Aunque en general se puede controlar el desarrollo de la infección de quienes la padecen, esta infección no tiene cura, pero la vida de puede resultar por mucho satisfactoria si estas personas viven en un clima solidario. De ahí la importancia del apoyo emocional y evitarle todo tipo de situaciones de estrés.

Asimismo, es sumamente importante no excluir a nuestro familiar de nuestros eventos o reuniones sociales, se debe evitar que se sienta solo, ya que es en esos momentos más que nunca que necesita del apoyo de toda su familia; de esta forma se le está influyendo valor para que pueda continuar con su tratamiento.

De igual forma, es necesario el apoyo en la parte alimentaria, es decir, controlar que consuma sus alimentos a las horas y de forma balanceada y tenga así más resistencia inmunológica.
La toma de medicamentos y los controles médicos es algo que la persona que acaba de iniciar su tratamiento se le puede olvidar, es por ello que como familiares podemos ayudarle a recordar ya que estos deben ser constantes.

Sin embargo, hay que tener cuidado, ya que brindar demasiado apoyo puede traducirse como si fuese una protección excesiva, lo que puede conllevar a que el familiar con VIH pueda perder independencia y autorrespeto, mientras que una ayuda muy ligera tal vez no ofrezca el apoyo necesario que el familiar necesite. La clave está en saber apoyar de forma cordial y sin exageraciones.

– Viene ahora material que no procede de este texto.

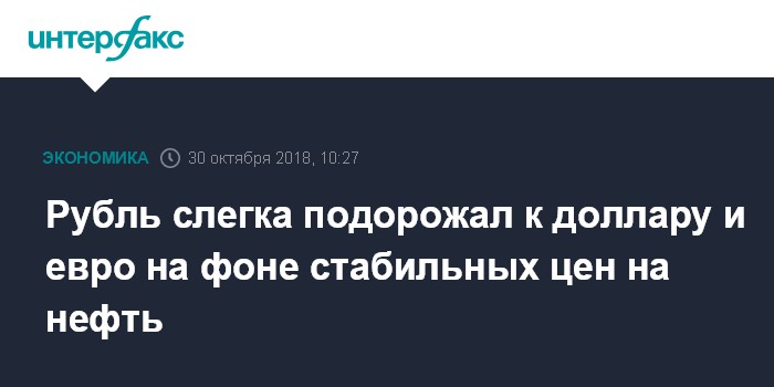 Москва. 30 октября. INTERFAX.RU - Доллар США и евро незначительно снижаются на Московской бирже во вторник утром, рубль слегка повышается к бивалютной корзине на фоне небольших изменений котировок нефти.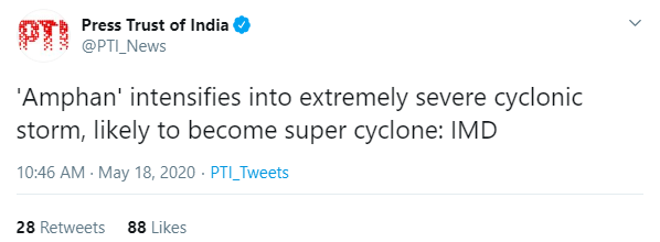 गृह मंत्रालय ने चक्रवाती तूफान 'एम्फन' के सोमवार शाम तक सुपर साइक्लोन में तब्दील होने की जानकारी देते हुए कहा है कि पश्चिम बंगाल और बांग्लादेश के तटों से यह तूफान बुधवार को टकराएगा। इस दौरान हवा की गति 185 किमी प्रति घंटे तक हो सकती है। चक्रवाती तूफान 'एम्फन' के मद्देनजर मौसम विभाग (IMD) ने ओडिशा, पश्चिम बंगाल, उप-हिमालयी पश्चिम बंगाल और सिक्किम, असम और मेघालय के लिए 21 मई तक भारी वर्षा की चेतावनी जारी की है।

En estos casos es necesario recordar en qué circunstancias es imposible que se dé una infección, de modo tal que no ofendamos a nuestro familiar; de ahí que VIH no se propaga a través de los alimentos o el agua, por compartir vajillas o utensilios de cocina como vasos, platos, cuchillos o tenedores, ni mucho menos tocando, abrazando o dando la mano.

Finalmente, es importante que los familiares estén preparados emocionalmente para poder hacerle frente a esta nueva etapa, por lo que es recomendable que asistan a consultas psicológicas o a terapias de grupo.